Second, the General Court misinterpreted Article 17 of Council Regulation (EU) 2015/1589 (2) and misapplied Article 296 TFEU by finding respectively that: (i) the Commission had not violated the applicable limitation period for aid recovery; and (ii) the Contested Decision contained sufficient reasoning in that regard.

Third, the General Court distorted the clear sense of the evidence produced before it when assessing if the Commission lawfully applied the so-called ‘market economy operator’ test when determining if the appellants received an advantage within the meaning of Article 107(1) TFEU. The General Court distorted evidence related to: (i) a security fee stipulated in an airport services agreement between the airport and Ryanair; (ii) the estimation of incremental operating costs that the airport could have expected; and (iii) the load factor relied on by the Commission when carrying out its ex ante profitability assessment.
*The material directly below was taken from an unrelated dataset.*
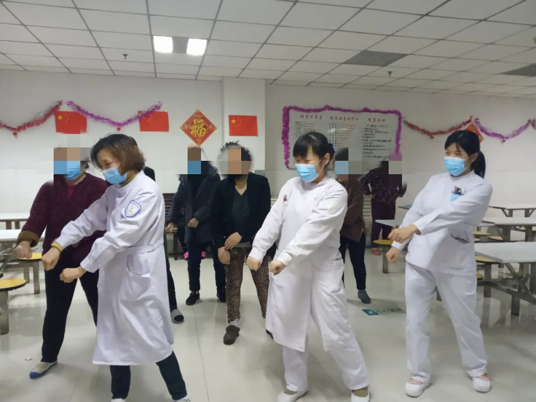 铮铮护士带领大家做游戏,蔡护士和徐护士教患者画画,孙护士和倪护士则翩翩起舞,舞出了最美的风景。每天晚饭后,韩主任冯护士和高护士就带领患者排队在走廊健走,跟随她们矫健的步伐,患者的运动细胞都被调动起来了......

Fourth, the General Court erred in law by concluding that errors concerning the amount of the aid to be recovered calculated based on ex ante data should not be corrected based on ex post data in the file when the contested decision was adopted.


(1)  Commission Decision (EU) 2018/628 of 11 November 2016 on State aid SA.24221(2011/C) (ex 2011/NN) implemented by Austria for the Klagenfurt airport, Ryanair and other airlines using the airport (notified under document C(2016) 7131) (OJ 2018 L 107, p. 1).

(2)  Council Regulation (EU) 2015/1589 of 13 July 2015 laying down detailed rules for the application of Article 108 of the Treaty on the Functioning of the European Union (OJ 2015 L 248, p. 9).